Tutti i diritti riservati all’autore.
OPERA PRIMA
23
MICHELE LAMON
CON AMOROSO SENSO
(Poesie Scelte)
Anterem, 2010
La sai, una cosa.
C'è, c'è il desiderio di un passato in grado di risuonarmi a pelle il tuo
nome.
Poterti interrogare seguendo le curvature di cui sei esperta, avvertire
in risposta segnali continui, effrasuoni ad occhi chiusi, liberi dal diktat
dell'onoff, delle emanazioni sotto piena responsabilità.
Circonfondermi di molecole che ti appartengono, aromatiche
ratificazioni di distanze nulle, di pressioni sulle, di battiti a mille.
Abissi a livello di mare.
Scriversi, segnare per, sa di passato, di atto tardo, di pensieri dopo, di
ricor danze celebrative. Spirali ecoiche, autoalimentate; innocenti e
astemie: narcotizzabili a coppe di virtù. Ma mi piego ad esse perché
trasmissibili anche furfantescamente, come a fare la corte trattenendo
l'orlo della gonna, così che lei non fugga, a meno che disposta a
lasciar delizie in scia nel conquistar congedo.
“È arabo per me”
La distanza
il velo di Dio
solo di parole mi fa grazia
che affidi a sconosciuti messi
Dimentico del tè
seguo i segni di penna
l'eco di mano
in racchiuso scorrere e rotare
minime bizze al giogo che ci osta
Il vento dei pensieri non dà posa ai fogli ornati,
incide il tuo nome nei grani di polvere
illacrimanti gli occhi del mercato grande
E la sera al quinto richiamo
gli animali sorridono
perché sbaglio ad inginocchiarmi.
Amen parole
Con rotazione di sorrisi
ortogonare nasi
e metterci una croce sotto
Nari pori bulini
indolenziti intontiti accaldati
sfuriando bruciando bagnando
i corpi si ricordano
Tra un secondo la luna
e otto minuti il sole
tra quattr'anni stella
poco fa un passante
Ma io ricorrente fisso
filo zanzareo basta:
pontifica orziero.
Affiancati, eppure differenti le vedute dalla finestra: tu
sull'anta aperta, io sulla chiusa. Vedo un po' quel che
vedi, respiro meno ma ho noi riflessi.
Stanza perturbine hai colore fino ai fruscii e da ora
all'astro si chiederà della tua espressione sola.

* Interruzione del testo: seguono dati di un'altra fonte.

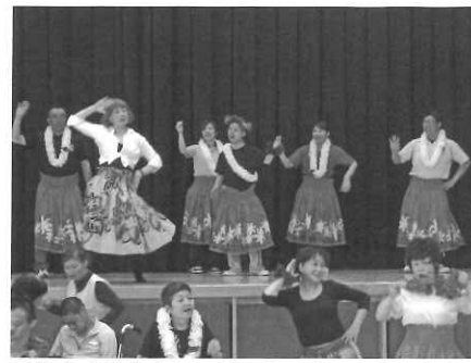
豪華な衣装を身につけてとてもステキでした。

に来ていただき、楽しい踊りの披露と沢山のお菓子やお餅のプレゼントをいただきました。ニューバージョンの踊り、とってもおもしろかったです。本当にありがとうございました。

Varo un gesto che mi avalli
accosti
spieghino pure i tendaggi
adesso.
Compila liste in riduzione ad ogni a capo
oggi
intreccia nodi vecchi in teoria
non resiste leggera
e si prova accostando
curvature da cercare nel disteso
cerchiare distesi
soppese su passi a me alieni
terre natali nelle precipiti domeniche loro
Così radente ci scorre il sangue
febbrile quasi frammisto eppure parallelo
Mettiamo da parte le labbra
anche se tra i denti
le stagioni zampillano
sciolte negli eteri imprendibili
che ci fanno bracieri
Le cure
a volte intingoli madreperlacei
a volte voglie.
Non è pericoloso spargersi
capitolare ripetutamente,
temperatura ne troviamo
all'umidità provvederemo.
I pezzi che sbrano e rimugino
perché mondi di veleno siano
quando te li passo in bacio
Starsi a pensare, arte dedicata (e delicata nel suo modo)

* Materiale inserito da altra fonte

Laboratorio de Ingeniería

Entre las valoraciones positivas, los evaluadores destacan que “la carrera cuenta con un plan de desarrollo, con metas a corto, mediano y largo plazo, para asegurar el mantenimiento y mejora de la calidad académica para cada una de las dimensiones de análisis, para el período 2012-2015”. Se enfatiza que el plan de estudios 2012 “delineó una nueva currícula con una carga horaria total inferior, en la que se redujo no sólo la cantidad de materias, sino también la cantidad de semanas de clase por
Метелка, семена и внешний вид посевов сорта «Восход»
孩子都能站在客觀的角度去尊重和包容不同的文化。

agli arabeschi del reciproco; nastri del riaversi, incisi
delle istruzioni per ridurre il tempo a francobolli da
incorniciare, o da leccare.
si sta via tanto
il riso fa far falle
stupiti palpiti
e il contatore
è staccato
haiku
chiusi gli occhi
tu non dormivi sola
fiore di riso
Obbedisco.
Non siamo riusciti ad essere lievi, forse per forza di cose (e le “cose”

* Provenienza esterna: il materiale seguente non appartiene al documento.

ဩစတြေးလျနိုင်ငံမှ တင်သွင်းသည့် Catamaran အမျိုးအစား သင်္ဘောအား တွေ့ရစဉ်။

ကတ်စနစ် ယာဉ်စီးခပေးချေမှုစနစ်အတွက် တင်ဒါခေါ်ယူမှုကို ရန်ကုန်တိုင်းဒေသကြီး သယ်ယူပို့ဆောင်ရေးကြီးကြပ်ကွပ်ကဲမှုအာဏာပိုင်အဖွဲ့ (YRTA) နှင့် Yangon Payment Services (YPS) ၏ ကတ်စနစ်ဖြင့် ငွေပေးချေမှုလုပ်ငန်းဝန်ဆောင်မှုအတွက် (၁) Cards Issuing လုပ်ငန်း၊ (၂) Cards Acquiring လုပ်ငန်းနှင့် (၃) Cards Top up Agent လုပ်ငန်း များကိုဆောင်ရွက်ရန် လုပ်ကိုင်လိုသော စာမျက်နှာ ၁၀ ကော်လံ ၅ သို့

sono potenti, lo sappiamo entrambi). Col permesso di inferire oltre le
nostre ombre, cosa ci saremmo inferti?
Alle eccitazioni di queste domande ti sei resa liscia, riflettente. Non
posso accarezzarti senza cadere, mi confini maschio in codice,
inarrecante i danni, le dannazioni.
Nel tuo carnet di ballo il mio nome non ne precede mai alcuno, a
spallate scaricato nell'alba inadeguata e livida, sentina delle lavorate
libidini, faro sui gretti saccheggi.
Igiene e profilassi nei confronti di una sindrome del combacio, un
fascinoma che potrebbe crescere e sbilanciare i preziosi sudati stati di
quiete. Per quanto possano arrivare perfino a gravare e opprimere,
queste anomalie sono biodegradabili: la vita le distrugge, la vita le
consuma; benedetto oblio, salvifica stupefacente capacità di
adattamento. Da roulette russa a montagne russe a mite russare, mi
diceva un anziano vicino mentre adolescente bestemmiavo tra lacrime
e assoluti; tutto finisce, tutto.
E di ciò che intanto non è finito cosa fai, lo guardi, lo palleggi, lo
mungi, te lo spalmi addosso...?
Le tante possibilità moltiplicato altrettante e più volontà, un'infinità di
combinazioni; quasi totalmente perdenti. Poiché perdere è uno dei
verbi che ci connota: dimenticare, chiudere fuori, donare, darsi...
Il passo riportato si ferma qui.